I just tested it with my SBi with TCP via RNDIS and ros2 topic hz /insnavgeod gives

average rate: 100.000
    min: 0.008s max: 0.012s std dev: 0.00041s window: 10000
average rate: 100.000
    min: 0.008s max: 0.012s std dev: 0.00041s window: 10000
average rate: 100.000
    min: 0.008s max: 0.012s std dev: 0.00041s window: 10000
average rate: 99.999
    min: 0.008s max: 0.012s std dev: 0.00041s window: 10000
average rate: 100.000
    min: 0.008s max: 0.012s std dev: 0.00041s window: 10000
average rate: 100.000
    min: 0.008s max: 0.012s std dev: 0.00041s window: 10000
average rate: 100.000
    min: 0.008s max: 0.012s std dev: 0.00041s window: 10000
average rate: 99.999
    min: 0.008s max: 0.012s std dev: 0.00040s window: 10000
average rate: 100.000
    min: 0.008s max: 0.012s std dev: 0.00040s window: 10000
average rate: 100.001
    min: 0.008s max: 0.012s std dev: 0.00040s window: 10000
average rate: 99.999
    min: 0.008s max: 0.012s std dev: 0.00040s window: 10000

with nearly all publishers activated. With a real ethernet connection max is 0.039 s which is much worse but still not as high as you are experiencing. With UDP both are within 10 +/- 2 ms. Since the latency jitter for TCP is much lower via RNDIS, I do not think the problem lies in the driver or ROS.

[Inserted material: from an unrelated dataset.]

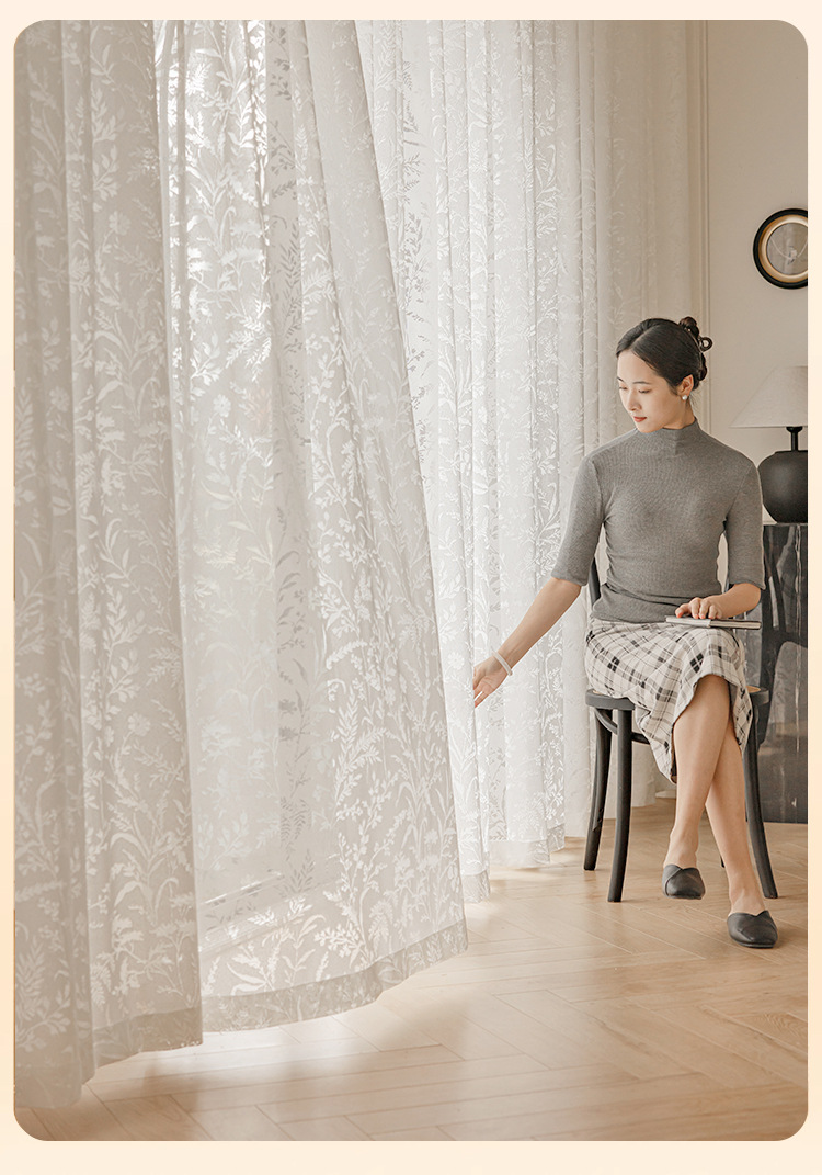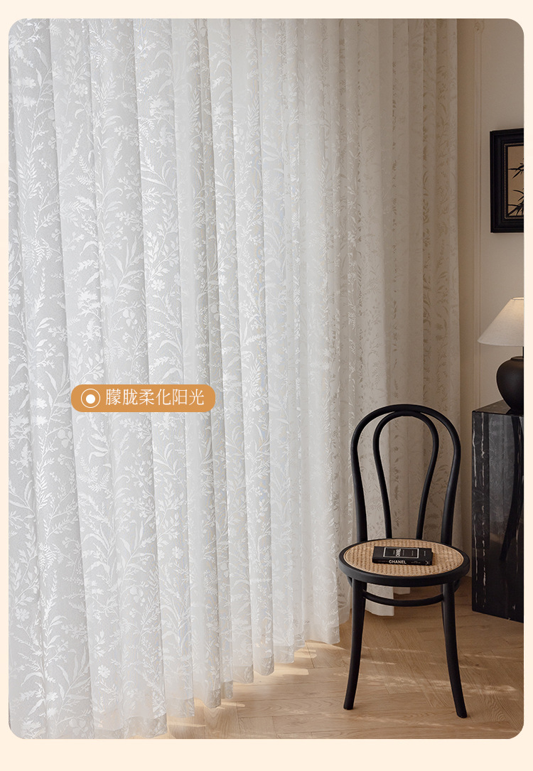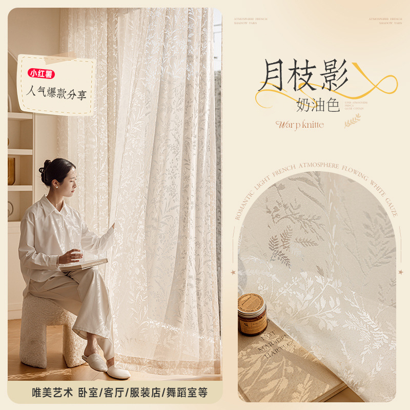 문 브랜치 그림자 창 화면 프렌치 할로우 레이스 빛과 그림자 거실 침실 베이 창 발코니 구멍이 뚫린 커튼 마감 거즈 커튼스토어 가기

thomasemter commented 8 months ago

I have consulted with Septentrio's support and there is indeed a higher latency when using TCP via real ethernet. It is caused by the implementation in the lower level of the firmware. An improvement is being worked on, which will likely be incorporated in the next AsteRx SBi3 firmware release. For lowest latency operation it is still recommended to go with UDP.

abaeyens-imod commented 8 months ago

Great that you got in touch with their support, looking forward to the next firmware release!

We experimented with UDP several times, sometimes it works, however overall it doesn't perform sufficiently reliably, so we prefer TCP.

thomasemter commented 2 months ago

A new firmware 1.4.3 has been released, which improves the TCP/IP latency.